Pois bem, a partir da comparação entre as classificações descritas e o tipo penal contido no art. 14 do Estatuto do Desarmamento, nota-se que a figura típica não prevê um resultado naturalístico decorrente da conduta do tipo, bem como não estabelece a necessidade de verificação na hipótese concreta da situação de perigo, logo, certo é afirmar que o delito em exame é, doutrinariamente, denominado como crime de mera conduta e de perigo abstrato.

3 Princípio da Ofensividade (Lesividade)

O princípio da ofensividade ou, para alguns, princípio da lesividade, embora implicitamente previsto na Constituição da República, é importante limitador do ímpeto punitivo estatal. Segundo leciona Rogério Greco ao citar Nilo Batista, o princípio da ofensividade detém quatro funções: (a) proibir a incriminação de uma atitude interna; (b) proibir a incriminação de uma conduta que não exceda o âmbito do próprio autor; (c) proibir a incriminação de simples estados ou condições existenciais; (d) proibir a incriminação de condutas desviadas que não afetem qualquer bem jurídico.

Nas irretocáveis palavras do ilustre Doutrinador Rogério Greco (p. 53, 2013): “a adoção do princípio da lesividade buscou-se, também, afastar da incidência de aplicação da lei penal aquelas condutas que, embora desviadas, não afetam qualquer bem jurídico de terceiros.

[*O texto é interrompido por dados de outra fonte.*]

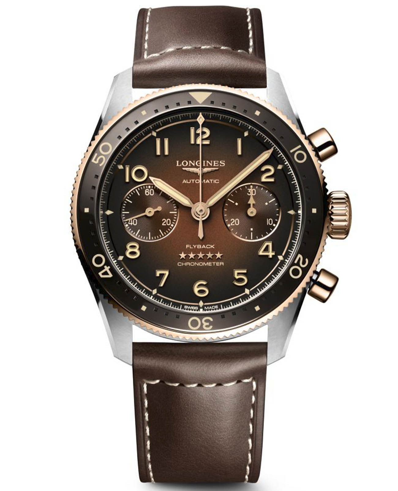 Коллекция Longines Spirit пополнилась часами с функцией Flyback. Эти часы приводятся в движение новым эксклюзивным калибром Longines, устойчивым к магнетизму и оснащенным кремниевой пружиной баланса. Спортивный хронографХронографФункция позволяет измерять отрезки времени с особой точностью: часы, минуты, секунды. Верным признаком хронографа является наличие на циферблате 3 дополнительных окошек-счётчиков. выпущен в честь известных авиаторов, которые раньше тестировали часы Longines. Модель оснащена швейцарским автоматическим механизмом, чрезвычайно точный механизм с запасом хода 68 часов сертифицирован COSCСертификат COSCОфициальный сертификат, подтверждающий то, что часы ходят с особо высокой точностью. Для получения документа часы подвергаются тестовым испытаниям, разработанным швейцарским институтом тестирования хронометров COSC. Допустимая норма для механических часов -4/+6 секунд в день, для кварцевых моделей +/- 0,07 секунд в день.. Дополнительные особенности: сапфировое стеклоСапфировое стеклоПрочный и надёжный материал из кристалла сапфира синтетического происхождения, характеризующийся особой твёрдостью и устойчивостью к царапинам и повреждениям. с двухсторонним антибликовым покрытиемАнтибликовое покрытиеСлой оксида металла в 0,13-0,3 микрон, благодаря которому стекло часов не бликует и не отражает свет. Антибликовое покрытие уменьшает отражение света в 10 раз, обеспечивая отличную читаемость показателей циферблата., люминесцентная подсветкаЛюминесцентное покрытиеПозволяет считывать показания времени в темноте. Производители наносят на стрелки, часовые индексы, безель или поверхность циферблата светонакопительный состав, дающий холодное свечение..На прозрачной задней крышке видны все детали калибра, в том числе персонализированный вес с выгравированным изображением земного шара, символизирующего коллекцию Longines Spirit, и название Longines Flyback. Эта новая модель также отличается утонченной эстетикой и особенно тщательной отделкой, которая включает в себя сатинированные, матовые, полированные и гравированные детали. Он оснащен двунаправленным безелем, дополненным керамической вставкой с люминесцентными метками и циферблатом в виде солнечных лучей.

Por condutas desviadas podemos entender aquelas que a sociedade tratar com certo desprezo, ou mesmo repulsa, mas que, embora reprovadas sob o aspecto moral, não repercutem diretamente sobre qualquer bem de terceiros”.

Assim, à luz do lembrado princípio, o Direito Penal só deve se ocupar de reprimir as condutas que, de fato, venham a repercutir na esfera jurídica de outras pessoas, não se ocupando de condutas meramente imorais ou, do ponto de vista social, indesejáveis.

4 Teses doutrinárias

Como dito anteriormente, à época da gênese da discussão, duas correntes concernentemente ao assunto restavam em evidência: (a) a primeira, pugnava pela tipicidade da conduta, vez que o simples fato de existir uma arma de fogo municiada ou não já bastaria para reduzir os níveis de segurança da sociedade, nesta linha Guilherme de Souza Nucci; (b) a segunda, encabeçada por Luiz Flávio Gomes e Willian Terra de Oliveira, em sentido diametralmente oposto, defendia a atipicidade da conduta diante de critérios concretos de averiguação, tais como a disponibilidade e a efetiva ofensividade, dessa maneira, a munição deveria estar pronta para o rápido carregamento, logo, se não houvesse munição disponível não existiria risco a bem jurídico tutelado, assim, à luz do princípio da lesividade, afastada estava a tipicidade material e, por conseguinte, a própria tipicidade, nos termos do conceito analítico de crime.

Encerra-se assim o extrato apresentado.